RemoteStorageManager for Apache Kafka® Tiered Storage
Apache License 2.0
96 stars 20 forks source link

Does GCS fetching result in a lot of extra bandwidth? #616

Open stanislavkozlovski opened 1 month ago

stanislavkozlovski commented 1 month ago

I'm reading through the code to try and calculate how many remote store calls one would expect from a normal Kafka deployment. As far as I trace the read path, I notice that for each chunk we call a GET separately. This get is for the particular chunk - i.e the byte range. While the S3 and Azure implementations use the particular API's range fetching capabilities - the GCS one doesn't (at least not obviously).

Reading further into it, I see that the way to do range fetches in the Java API is through the storage.reader() API, and I notice that Blob.reader() does in fact just do that.

So I guess this answer my question with a No. We only fetch the bytes of the range we request.

Additionally, if I may ask:

  1. Is it a correct understanding that we do a GET for each chunk?

If yes, have we considered GET-ting the whole object (or at least a larger part) and then caching the chunks (at least when a cache is configured?). Since consumers/brokers typically read linearly when reading historically, you'd expect that if you fetch a 4MiB chunk of a segment, you're probably gonna fetch the full log segment anyway

  1. We PUT the whole segment log in multipart chunks via s3.multipart.upload.part.size / gcs.resumable.upload.chunk.size / azure.upload.block.size but GET it in chunk.size.

Is there a reason these weren't made to be more consistent with one another? At least with the default?

stanislavkozlovski commented 1 month ago

A third question, perhaps for @ivanyu, the code says:

 private Blob getBlob(final String key) throws KeyNotFoundException {
        // Unfortunately, it seems Google will do two a separate (HEAD-like) call to get blob metadata.
        // Since the blobs are immutable in tiered storage, we can consider caching them locally
        // to avoid the extra round trip.
        final Blob blob = storage.get(this.bucketName, key);

But EXTENSIVELY searching through Google, reading through the documentation, reading the GCS Java client code - I don't find any reference of this. Is it still true?

stanislavkozlovski commented 1 month ago

Fourth question: The default size for a segment is 1 GiB, so the way this behaves seems to be:

  1. Kafka awaits for the active segment to get rolled (1GiB) and LSO to pass.
  2. Kafka starts uploading to S3 via this plugin - 1 multipart size at a time (5 MiB), serially in the same thread.
  3. 1 GiB / 5 MiB is 205 requests. If each have 200ms RTT, that's 41 seconds to fully upload. (per partition)

Is there any reason the upload size isn't larger by default?

AFAICT a big reason for multipart upload is to make uploads parallelizable (and retriable) - but since we don't leverage that here, it makes sense to chunk larger portions?

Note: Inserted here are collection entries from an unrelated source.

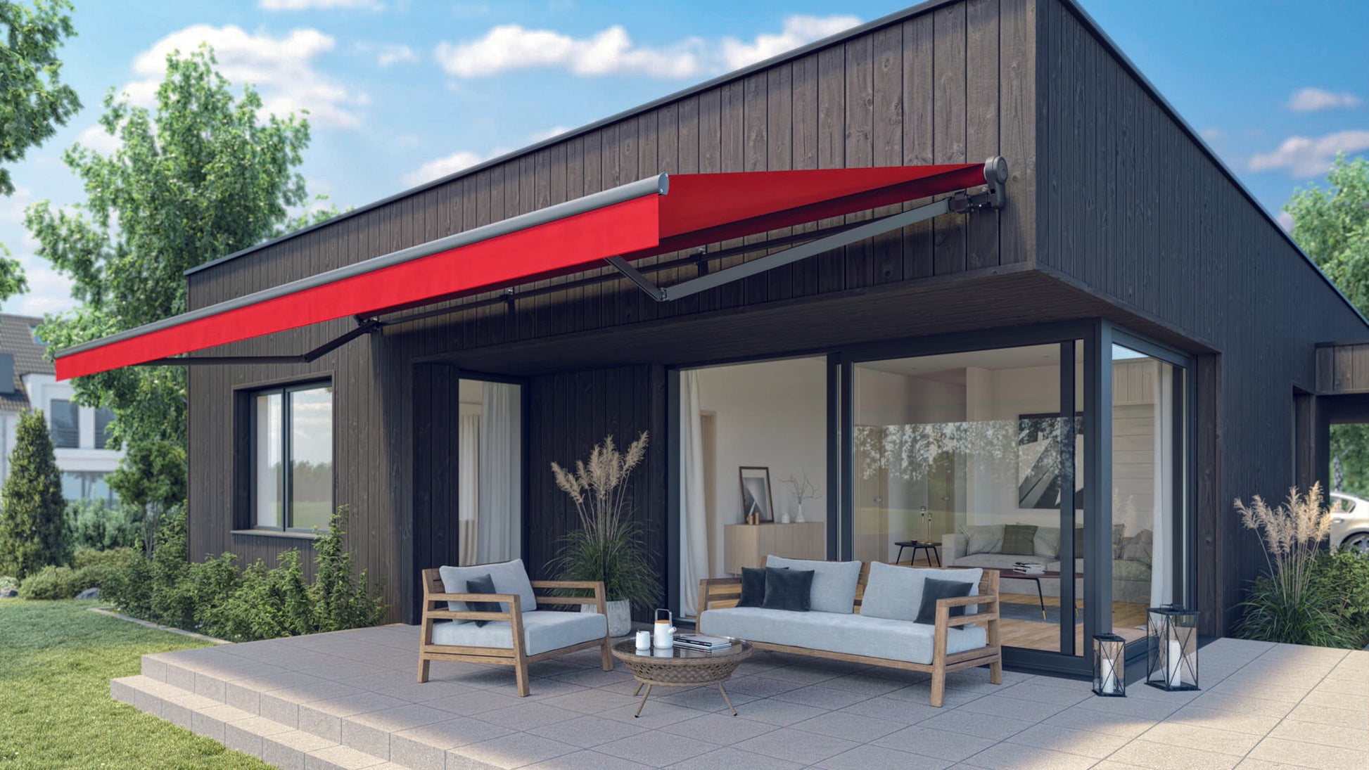 Schlichtes Design, hohe Funktionalität und langlebige Qualität – die offene Markise SOL O5020 passt sich dezent jedem Ambiente an.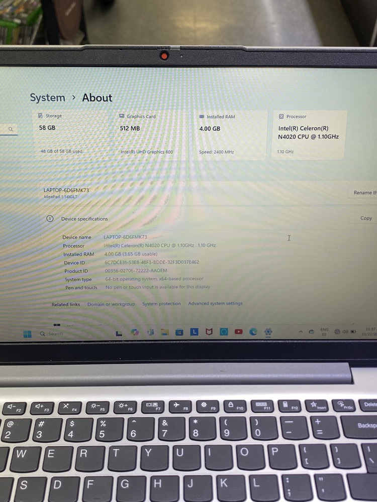 - ?Processor?Intel Celeron N4020 Processor (2 Cores, 2 Threads, Base Frequency at 1.1 GHz, Up to 2.8 GHz at Max Turbo Frequency)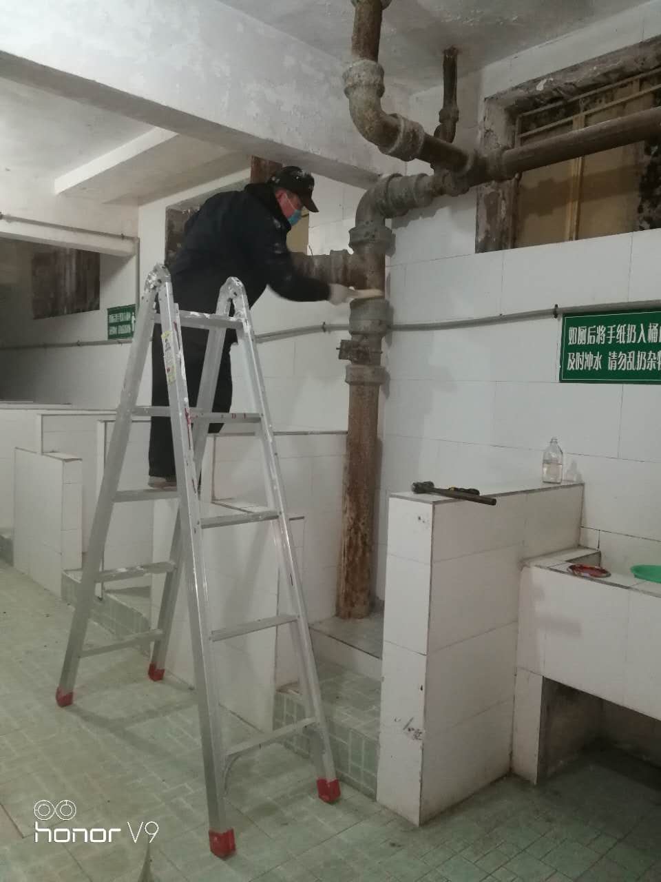 二中院內(nèi)的公廁從以前的破舊不堪到如今的整潔衛(wèi)生都離不開(kāi)停車場(chǎng)班組的悉心維護(hù)。新年有新氣象,為了使二中公廁更潔凈更安全,讓來(lái)公廁方便的市民更安心,二中停車場(chǎng)班長(zhǎng)馬毓森同志不畏寒冷,不怕臟,不怕累,為公廁內(nèi)裸露在外的管道作了除銹防腐處理并刷上油漆,以防管道年久失修發(fā)生泄露給市民帶來(lái)麻煩。
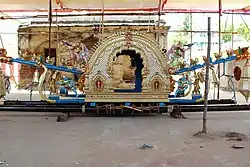 The sapthasthanam festival is conducted at Tiruvaiyaru during April every year. As per Hindu legend, it is the wedding festival of Nandikeswara, the sacred bull of Shiva on the Punarpoosa star during the Tamil month of Panguni.[8] The festival deity of Aiyarappar temple of Thiruvaiyaru is carried in a decorated glass palanquin along with the images of Nandikeswara and Suyasayambikai to the temples in Thirupazhanam, Thiruchottruthurai, Thiruvedhikudi, Thirukandiyur and Thirupoonthurthi. Each of the festival deities of the respective temples mounted in glass palanquins accompany Aiyarppar on the way to the final destiny, Thillaistanam. There is a grand display of fireworks in Cauvery riverbed outside Thillaistanam temple. The seven palanquins are carried to Aiyarappar temple in Thiruvaiyyaru. Hundreds of people witness the convergence of seven glass palanquins carrying principal deities of respective temples from seven places at Tiruvaiyaru. The devotees perform Poochorithal(flower festival) in which a doll offers flowers to the principal deities in the palanquins. After the Poochorithal, the palanquins leave for their respective temples.[9][10]
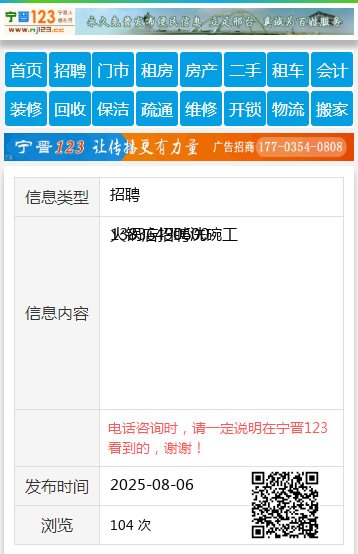 大龙小串北六店招聘服务员一名 电话15046587321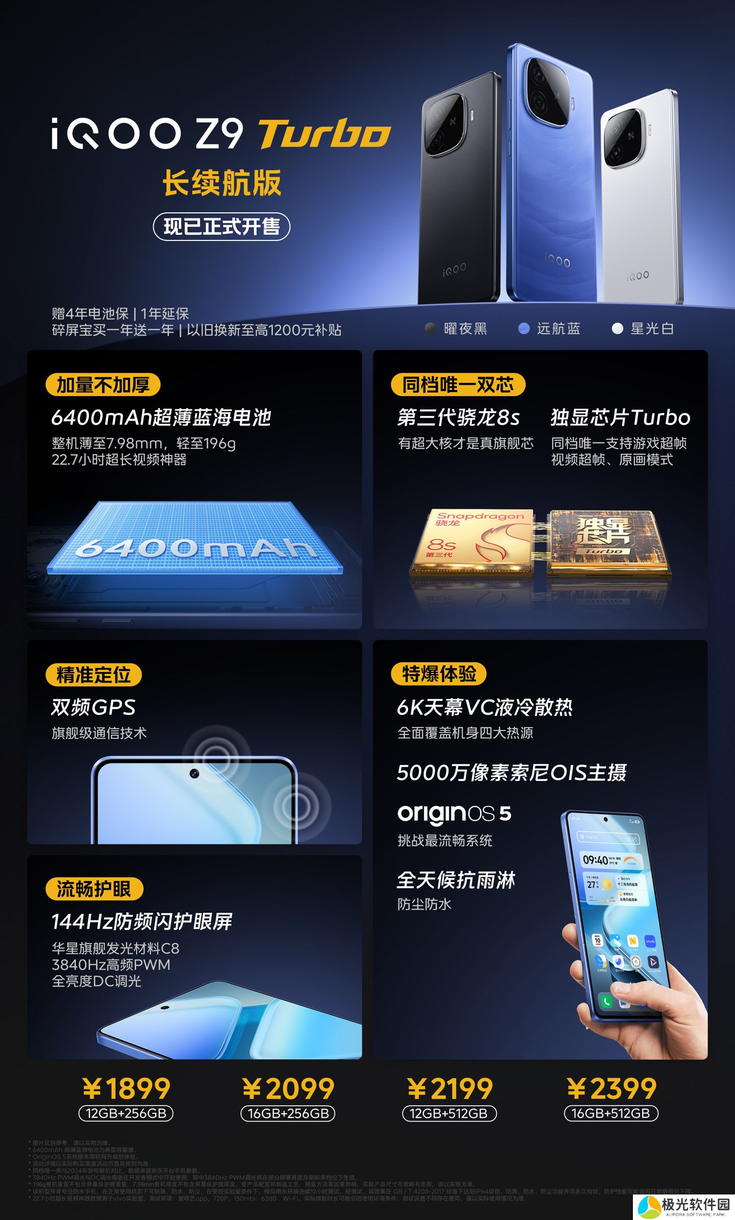 该机并非“正式迭代”,而是 Z9 Turbo 的一个特别版本。其将升级全新的“远航蓝”配色,配备加量不加厚 6400mAh 电池,重量为 196g,搭载独显芯片 Turbo,升级双频 GPS,屏幕为全批次华星 C8。
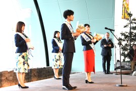 西條会長は、「兼平君は、初の男性で希望と期待を集め、潮踊りが美しくしっかりと踊り注目を集めた。三浦さんは、明るくて場を和ませる人、趣味はプロレス。この1年間、活動してもらい感謝する。コンシェルジュを交代しても応援隊のひとりとして活躍してもらいたい」と、労いエールを贈った。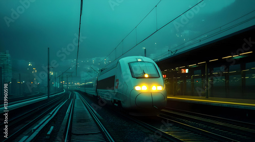 © Clocken, Fototapeta premium Night Train Illustration: Cityscape Railway Journey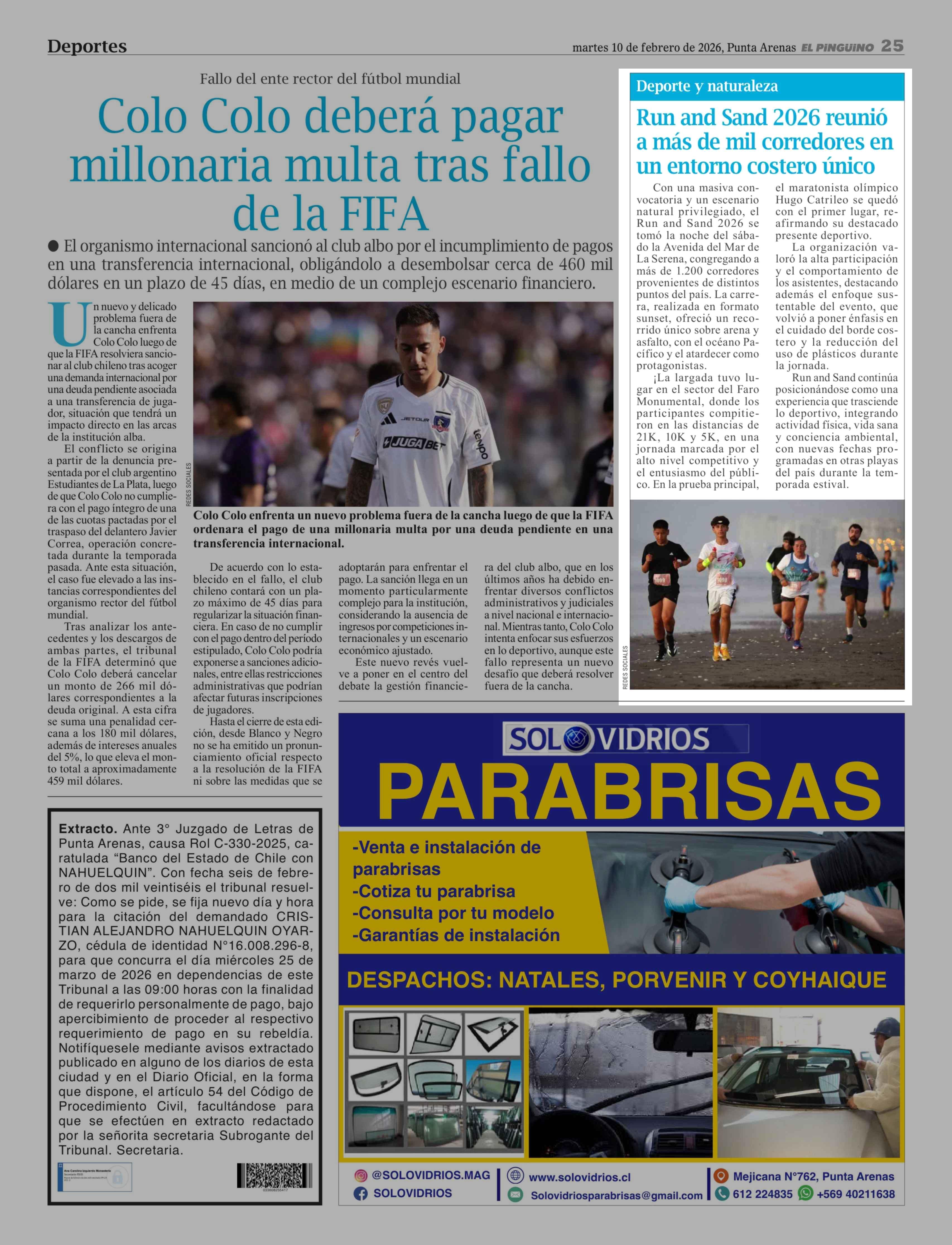 | Fecha: | 10-02-2026 | Sector: | Noticia general | Región: | Región de Magallanes y de la Antártica Chilena |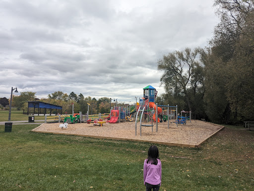 So many different and fun things to do in one park! The surface is wood chip based. A super tall (but safe) main climbing structure with a twisty tube slide from the top. Multiple levels of other slides leading up to the big one. Different types of climbing to get on to the main structure as well as a lower ramp portion. Two big swings and two baby ones along with a disc swing that's a bit high off the ground than what we're used to seeing. Lots of wobble sit ons. A smaller rope climbing frame. One low circular rope net that also spins. Also has monkey bar like area with a sliding portion. Last but not least there is a small musical installation, some with attached soft hammers, on different forest themed metal pieces (leaves, mushrooms, etc). It's all very colourful, and a bit of something for everyone feels like. Right next to a little stream with a bridge that leads over to an open grass field. Great...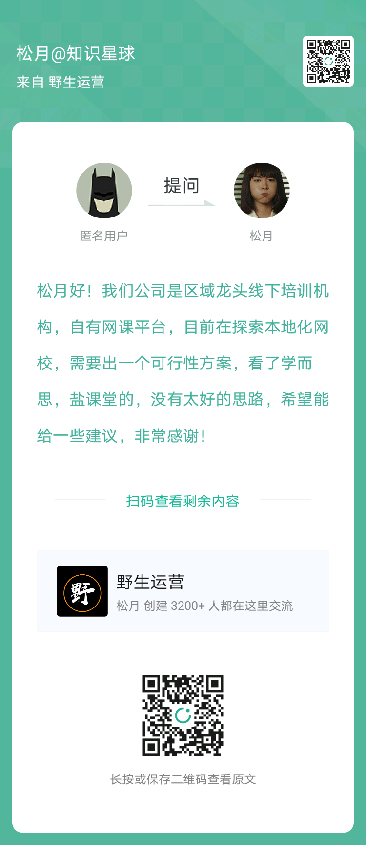 2、提問:目前在探索本地化網(wǎng)校,請(qǐng)問有什么好案例參考嗎?(掃碼看全文)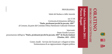 Oggi 3 settembre 2011 ad Oratino un’opera di Nicola Giuliani (Padre, perdonami perché ho peccato) del 1897 viene donata al Comune su iniziativa del Comitato a Difesa del Patrimonio Culturale Oratinese.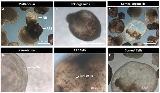 41. Isla-Magrané, H.; Veiga, A.; García-Arumí, J.; Duarri, A. Multiocular organoids from human induced pluripotent stem cells displayed retinal, corneal, and retinal pigment epithelium lineages. Stem Cell Res. Ther. 2021, 12, 581. [Google Scholar] [CrossRef]
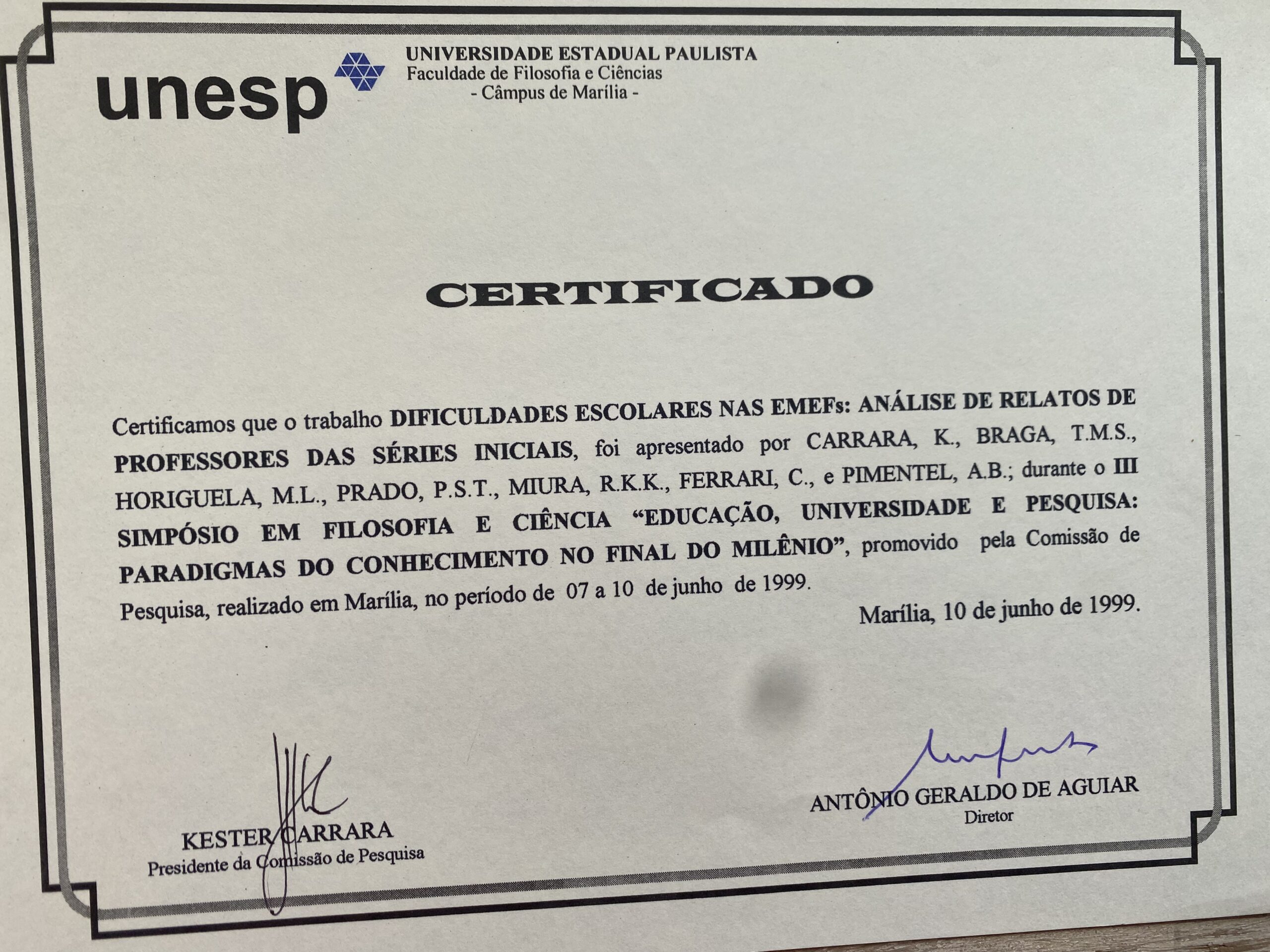 - Mestrado em Psicologia da educação, pela Universidade Estadual Paulista – UNESP- Campus de Marília – Faculdade de Filosofia e Ciências, área de concentração “Ensino na Educação Brasileira”;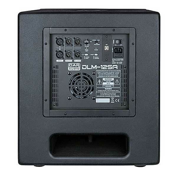 DAP-Audio DLM-12SA – высококлассный высокомобильный активный сабвуфер с усилителем класса D и DSP, предназначенный для работы с активными акустическими системами. В составе кабинета имеется 12˝ НЧ громкоговоритель. Для работы с активными АС на тыльной стороне сабвуфера предусмотрены 2 балансных XLR входа для приёма стерео сигнала, сигнал фильтруется активным кроссовером сабвуфера и подаётся на соответствующие балансные XLR выходы для АС. Также предусмотрены балансные XLR выходы необработанного сигнала. На тыльной же стороне находятся регулятор уровня сигнала усилителя, переключатель стерео/моно (неизменённого выхода), переключатель пресетов DSP (2 позиции), кнопка инверсии фазы, контрольные светодиоды наличия питания и наличия сигнала/включения лимитера, выключатель питания, гнездо питания IEC и слот для дополнительного блока USB (не входит в комплект). Опциональный модуль USB даёт возможность не посредственного доступа с ПК к управлению таким инструментам, как усилитель, эквализация, фильтры. DSP обеспечивает сабвуферу надёжную многоуровневую систему защиты. Охлаждение принудительное, при помощи вентилятора. Прочный кабинет выполнен из 15-мм тополёвой фанеры и отлично адаптирован к транспортировке. Для установки стойки имеется стакан Ø 35 мм. Для переноски предусмотрены ручки.

stanislavkozlovski commented 3 weeks ago

@jlprat @giuseppelillo thanks for merging my docs PR. Is it possible to get some attention on this? Just looking to have a discussion, not necessarily an outcome

jeqo commented 2 weeks ago

@stanislavkozlovski thanks for starting this discussion! Let me try to answer some of the questions.

So I guess this answer my question with a No. We only fetch the bytes of the range we request.

Correct, we only fetch the chunk range.

Is it a correct understanding that we do a GET for each chunk? If yes, have we considered GET-ting the whole object (or at least a larger part) and then caching the chunks (at least when a cache is configured?). Since consumers/brokers typically read linearly when reading historically, you'd expect that if you fetch a 4MiB chunk of a segment, you're probably gonna fetch the full log segment anyway

Correct. This is part of the pre-fetching functionality on the chunk cache: https://github.com/Aiven-Open/tiered-storage-for-apache-kafka?tab=readme-ov-file#prefetching See: https://github.com/Aiven-Open/tiered-storage-for-apache-kafka/blob/main/docs/configs.rst#diskchunkcacheconfig prefetch.max.size

With PUT the whole segment log in multipart chunks via s3.multipart.upload.part.size / gcs.resumable.upload.chunk.size / azure.upload.block.size but GET it in chunk.size. Is there a reason these weren't made to be more consistent with one another? At least with the default?

We considered to add something like fetch.part.size or similar at some point, but decided that it wasn't worth to introduce another config as chunk size + prefetching size was enough: the chunk is the minimum size to cache, and we wanted to reduce the time to first byte. Introducing a larger part size would have increase latency as we cache the value before returning the stream to the consumer (i.e. storing a larger part on disk would be slower).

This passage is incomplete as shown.